Mabel and Frank were married for 12 years before their divorce last year. When they were first married, Mabel purchased a life insurance policy naming Frank as the insured. She named herself as the policy beneficiary. As a couple, they also owned a homeowner’s insurance policy on their home. The home was titled joint tenants with right of survivorship (JTWROS). Although Frank gave up his interest in the home when they divorced, they did not change these policies.

Unfortunately, a series of negative events has since transpired. Six weeks ago, Frank died. The insurance company paid Mabel the face value of the life insurance policy. Frank’s new wife protested the payment by claiming that Mabel did not have an insurable interest in Frank at the time of death and, as such, Mabel was not eligible to receive payment.

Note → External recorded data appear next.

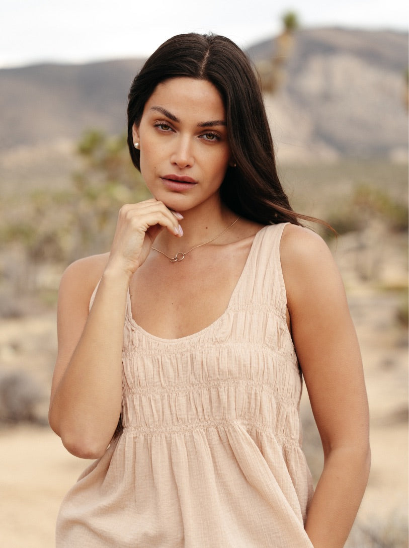 Garments are measured lying flat and based on full circumference. Pieces with shirred waistbands are designed to stretch, providing a flexible, true-to-size fit.
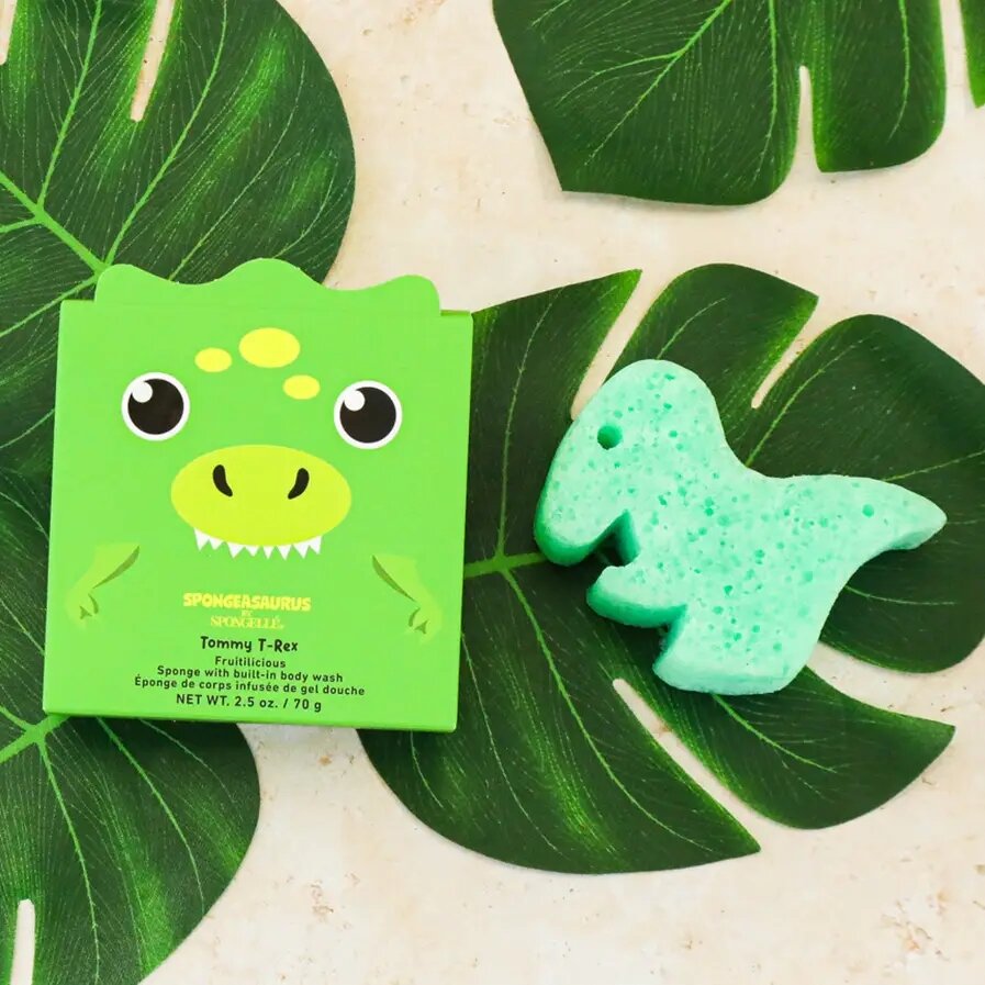 Spongellé „Dinozauras Tomis“ prausimosi kempinė su kūno prausikliu vaikams atgaivina priešistorinį pasaulį ir kviečia mažuosius leistis į smagų dinozaurų nuotykį vonioje. Spongeasaurus kolekcijos vaisiški aromatai – sultingas arbūzas, gaivus obuolys ir saldus cukrus – paverčia kasdienį prausimąsi džiugia, žaisminga ir įtraukiančia patirtimi.
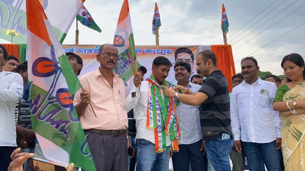ফুলবাড়ি, ৬ আগস্টঃ পঞ্চায়েত নির্বাচনে ভোটে জয়ী সিপিএমের প্রার্থী যোগদান করলো তৃণমূলে।রবিবার ফুলবাড়ি মোড়ে তৃণমূলের যোগদান সভায় আয়োজন করা হয়। ফুলবাড়ি ২ নম্বর গ্রাম পঞ্চায়েতের কালাঙ্গীনির ১৯/ ৩০৬ নং বুথের সিপিএম প্রার্থী মোমিরুল ইসলাম আজ তৃণমূলে যোগদান করেন। জলপাইগুড়ি জেলা তৃণমূল কংগ্রেসের সাধারণ সম্পাদক দেবাশীষ প্রামাণিক তার হাতে দলীয় পতকা তুলে দেন।এছাড়াও এদিন তার সঙ্গে প্রায় তিনশতাধিক কর্মী সমর্থক সিপিএমে যোগদান করেন।
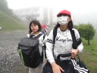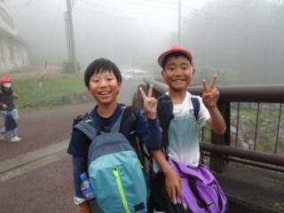 朝、深い霧がかかっていました。こんな風景が見られたのは、ラッキーかも。先をいく友達の姿も見えなくなるほどでした。そんな中、大きな荷物を持ってアリーナホールに移動しました。
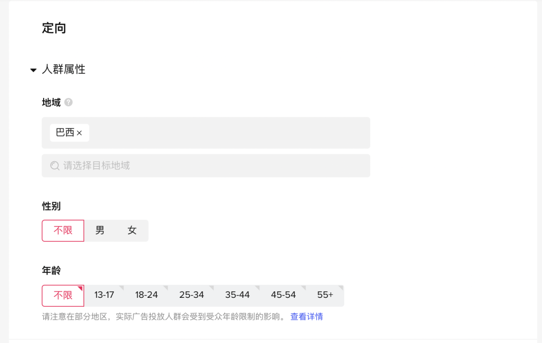 接下来,设置地区,性别,年龄,语言,受众,设备等
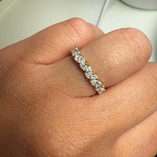 The Marquise And Round Wedding Band provides the ideal mix of modern elegance and traditional appeal. Designed with Lab Grown Diamonds, this ring features an amazing mix of round and marquise diamonds. Couples searching for a distinctive but classic wedding band can find great quality here. This design blends both for a spectacular impact whether your search is for a round diamond ring or a marquise diamond band.
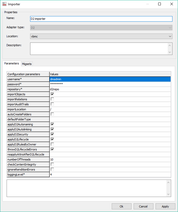 To create a new D2 Importer job specify the respective adapter type in the New Importer Properties window – from the list of available connectors “D2” must be selected. Once the adapter type has been selected, the Parameters list will be populated with the parameters specific to the selected adapter type, in this case the D2 connector’s parameters.
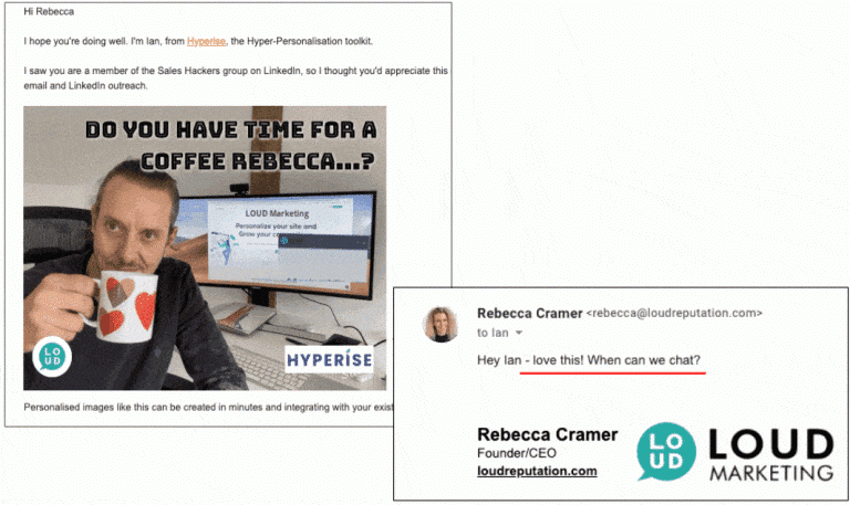 This is where tools like Hyperise are useful to help you create and send personalized images, GIFs, and videos to include in your outreach emails to prospects.

Around the same time, Mabel’s home (the one she owned jointly with Frank) burned down. Frank’s new wife filed a claim for Frank’s share of the insurance proceeds. In which situation will the insurance company side with Frank’s new wife?

A

Unfortunately for Frank’s new wife, the insurance company will rule against her on both issues. First, an insurable interest in a life insurance contract only needs to exist at the time the policy is issued. Second, at the time of the house fire, neither Frank nor his new wife had an insurable interest in the property. For these reasons, Mabel was entitled to receive the life insurance policy payment and reimbursement for the home fire.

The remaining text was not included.